Activists and tribe sue to avert blast

0 Comments | Deseret News (Salt Lake City), Apr 23, 2006 | by Geoffrey Fattah Deseret Morning News

Two Utah anti-nuclear activists have joined with a Nevada Indian tribe in filing a federal suit to try to stop a planned large-scale non-nuclear explosion in the Nevada desert next June they say will kick up radioactive fallout left over from previous nuclear testing.

In a suit filed in U.S. District Court in Nevada, Salt Lake residents Peter Litster and Stephen Erickson joined members of the Winnemucca Indian Colony in a suit against the U.S. government and officials, including Defense Secretary Donald Rumsfeld, to put a stop to a planned June 2 detonation of a 700-ton ammonium nitrate and fuel oil bomb.

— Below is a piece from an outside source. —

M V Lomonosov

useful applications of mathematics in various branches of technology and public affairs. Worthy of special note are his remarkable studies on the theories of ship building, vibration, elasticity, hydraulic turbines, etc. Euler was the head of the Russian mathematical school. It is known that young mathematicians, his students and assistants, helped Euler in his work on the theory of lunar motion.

They say the blast will create a 10,000-foot mushroom cloud that could threaten the health of people living downwind and to the east of the Nevada Test Site.

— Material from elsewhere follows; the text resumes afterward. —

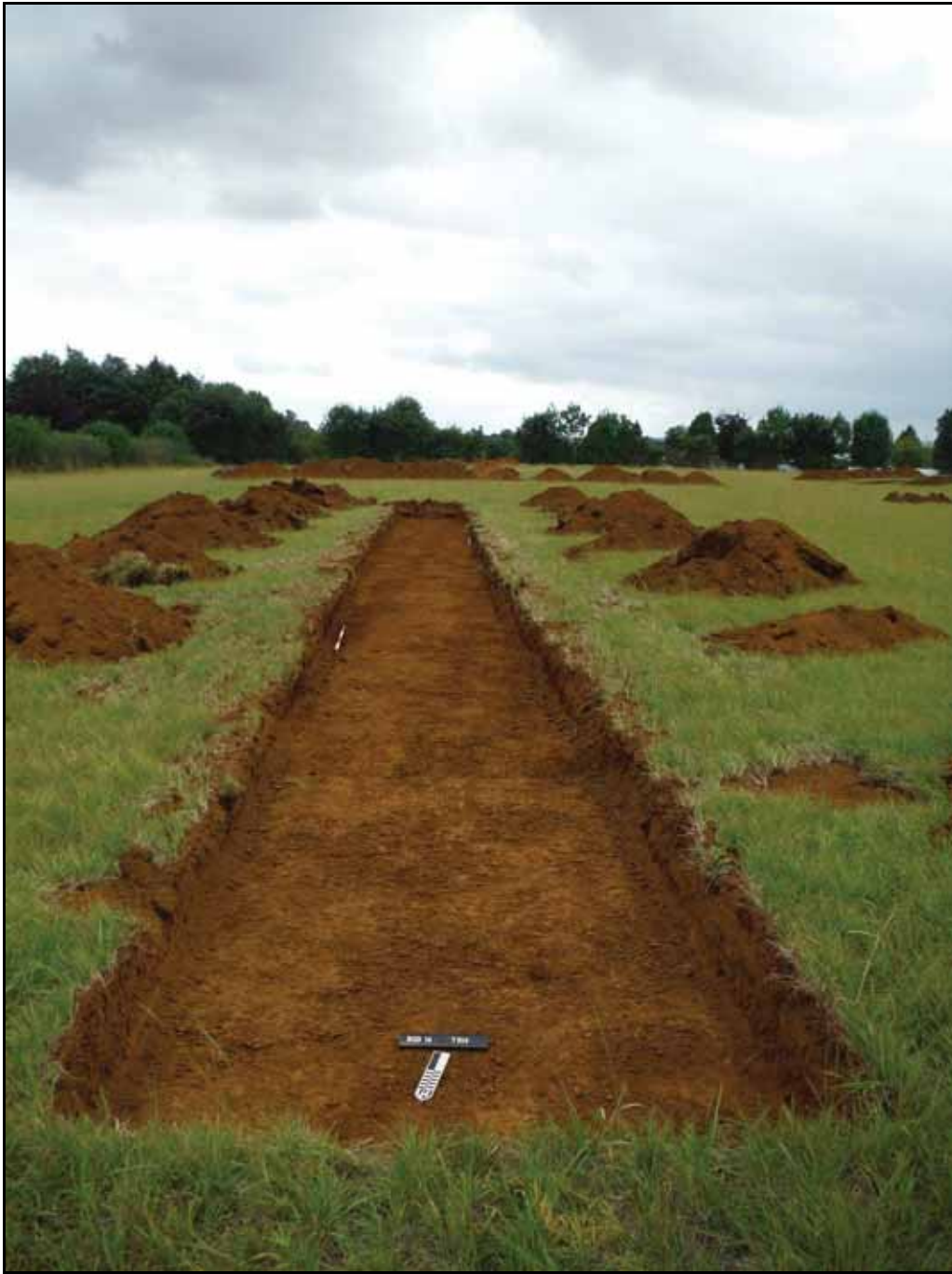
Figure. 126- SSE-facing view of Trench 14 (Scale- 2 x 2m)

Test site and federal officials have said the blast, some 280 times larger than the bomb that destroyed the Alfred P. Murrah Federal Building in Oklahoma City in 1995, should not disturb surface contamination at the test site.

In their suit, tribe officials say the test, dubbed "Divine Strake," would desecrate ancestral lands that the Western Shoshone say were not turned over to the U.S. government.

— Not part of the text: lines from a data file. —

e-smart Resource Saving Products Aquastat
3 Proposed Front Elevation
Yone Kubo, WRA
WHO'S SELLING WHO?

The Defense Threat Reduction Agency has said the blast will help design a weapon to penetrate hardened and deeply buried targets.

The National Nuclear Security Administration, which operates the Nevada Test Site north of Las Vegas, has said the Divine Strake explosion will be at least 1 1/2 miles from the nearest underground nuclear test area and three miles from the nearest ground-zero areas of known radioactive contamination from above-ground tests.

The suit also says the decision to conduct the test violates federal requirements to seek public notice and to consult with affected Indian tribes. Plaintiffs also say government officials intentionally concealed the test in order to circumvent the law and conceal health hazards.

"This is a human rights issue and a public health issue, and this blast must be stopped," said tribe attorney Robert Hager of Reno.

"Our people were forcibly removed from their homes at the Nevada Test Site where the Western Shoshone had lived for thousands of years, without being told that our lands would be used for testing of nuclear weapons," said Thomas Wasson, chairman of the Winnemucca Indian Colony. "After destroying our lands and causing untold death and human misery with their radiation, the U.S. government now wants to do the same thing again. They must be stopped, for the good of the Western Shoshone and all people."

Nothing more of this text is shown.